Michigan was among about a dozen U.S. states in which amateur mixed martial arts bouts are legal, but unregulated. The death of Elochukwu prompted the Michigan legislator to quickly regulate amateur mixed martial arts. State Representative Harvey Santana commenting on the legislation stated: "The unfortunate events that happened over the weekend kind of catapulted it faster".

UFC (the largest MMA promotion company in the world) executive Tom Wright, who heads up the organizations efforts in Canada, fielded questions about Elochukwu's death on April 10 at UFC 161 press conference in Winnipeg.
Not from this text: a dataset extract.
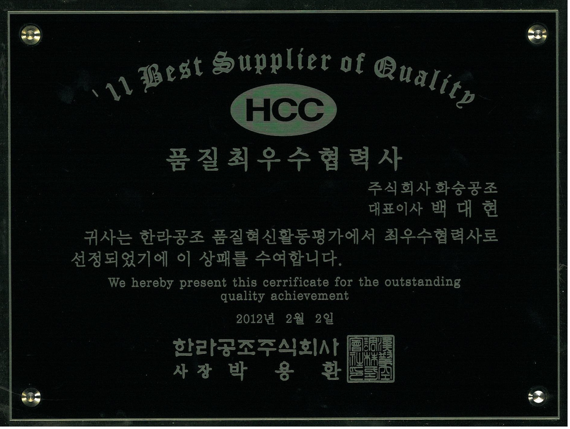 지난 2월 2일 화승공조는 최대 협력업체의 하나인 한라공조로부터 품질 최우수업체로 선정되었다. 최우수업체 선정은 한라공조가 작년 2011년 한해 동안 품질혁신활동평가를 실시한 후, 최고의 평가를 받은 업체에게 주는 것으로써 그 부문에 화승공조가 당당히 이름을 올렸다. 이를 계기로 화승공조는 국내 자동차 A/C 호스파이프 최고의 품질모범업체로 성장하는 계기를 마련하였다.

Saying
"What we don't know is whether or not there were any pre-existing medical conditions that Pablo was suffering from, and in a regulated environment, we would have known that," he said. "We also don't know if the referees were properly trained. We don't know whether or not there were the appropriate EMTs and ambulances and medical precautions in place. We don't even know if it was a fair fight as far as if the competitors were evenly balanced."

"Those are kinds of things we would know if the sport had been regulated, if the event had been regulated," he continued. "It speaks to the importance of regulation in our sport, why it's important that we have the appropriate kind of rigor and standards, from medical care to pre- and post-fight medical testing to drug testing to insuring the health and safety of these athletes is always first and foremost. And in the case of an unregulated event, you don't know whether those things are in place, which is why we as an organization have always run to regulation."

====Ramin Zeynalov====
27-year-old Azerbaijani Ramin Zeynalov died in March 2015 while competing in an amateur MMA bout in Azerbaijan. A takedown by the rival KO'd Zeynalov caused his head to hit the canvas with medical personnel unable to revive him. The cause of death was later deemed a brain hemorrhage.

====Jameston Lee-Yaw====
47-year-old Trinidad-born Jameston Lee-Yaw died in April 2015 while competing in an amateur MMA bout at the SouthShore Mall in Aberdeen, Washington. The death was attributed to kidney failure. Lee-Yaw collapsed in the ring and was carried to a dressing room where it was discovered he was having trouble breathing. Lee-Yaw was initially taken to Grays Harbor Community Hospital and then transferred to Harborview Medical Center in Seattle, Washington, where he died. Twin Dragons Center Mixed Martial Arts, which has training facilities at the mall, billed the event as Brawl at the Mall. In Washington state, amateur bouts that take place at a gym are not required to have medical staff on hand and leave the training facility and its staff responsible for the health and safety of participants. It is unknown what caused the kidney failure. Furthermore, Lee-Yaw's age (47) would by law disqualify him from participation as a fighter in many states, which have age limits similar to those in boxing.

====João Carvalho====
28-year-old João Carvalho, a Portuguese fighter, died 48 hours after his bout with Charlie Ward. The match took place at Total Extreme Fighting 1, on April 11, 2016. The event was held at Dublin, Ireland's National Stadium. Following Carvalho's death, Ireland's Minister of State Tourism and Sport Michael Ring issued a pledge to regulate mixed martial arts in Ireland. At the time of Carvalho's death, there was no governing body for professional MMA in Ireland but the Irish Amateur Pankration Association (IAPA) oversaw the sport at the amateur level.